DFO source contains complete information about Severity, Area affected , Human fatality and Human Displaced whereas IMD source contains some information about Human fatality, Human injured, animal fatality, description and extent.
Predicted Human Fatality with R² 0.55 after feature selection, using Artificial Neural Networks.
Now estimating humans displaced. Used KNNimputer to fill in the missing values. Achieved R² score of 0.58 using Linear Regression.
We plotted various heat maps to visually show how the impact of floods were spread across the state of Assam and its nearby region.
Now in order to determine the distribution of displaced people we assumed the distribution to be in accordance with the census population report. Since the last detailed census occurred in 2011 (Couldn't happen in 2021 due to covid), we had the following heatmap of assam population:
Each warehouse will correspond to one cluster. Location of warehouse will be equivalent to cluster center so as to reduce the within cluster sum of squares or the L2 distance between cluster center and other points.

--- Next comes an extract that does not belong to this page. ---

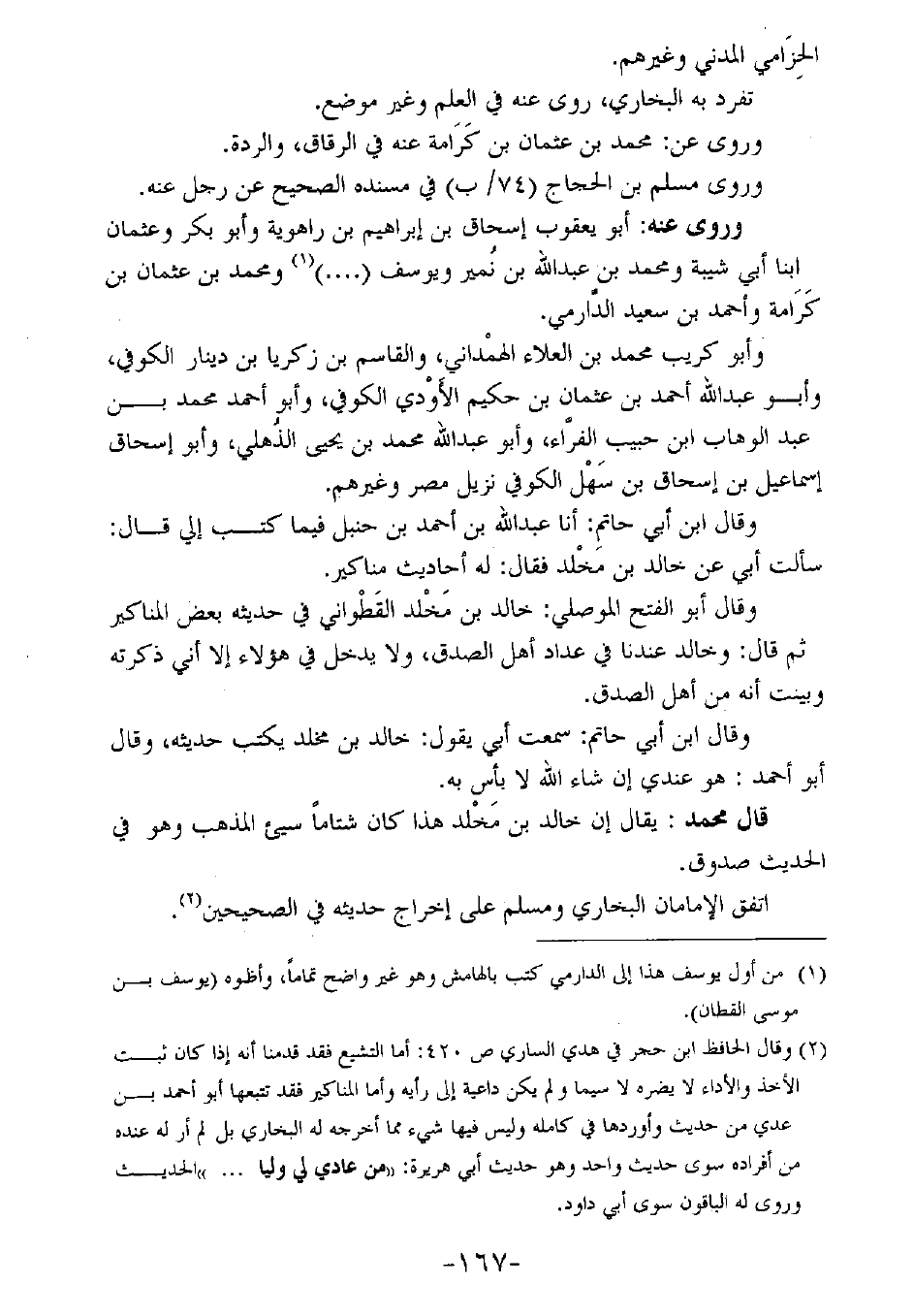 وقال أبو الفتح الموصلي: خالد بن مخلد القطواني في حديثه بعض المناكير ثم قال: وخالد عندنا في عداد أهل الصدق، ولا يدخل في هؤلاء إلا أني ذكرته وبينت أنه من أهل الصدق.

We further boiled down to Kamrup district of Assam. This was done due to 2 main reasons : (i) More number of town population information was present in Kamrup District as of census 2011 compared to other districts. (ii) Tailoring to one district will give a more detailed solution of this problem as it will be meaningless for a state to have 5-6 warehouses.
In the context of disaster response planning in Assam, the Voronoi diagram delineates the boundaries of influence for each cluster centroid, effectively partitioning the geographical area into regions that are closest to each respective centroid.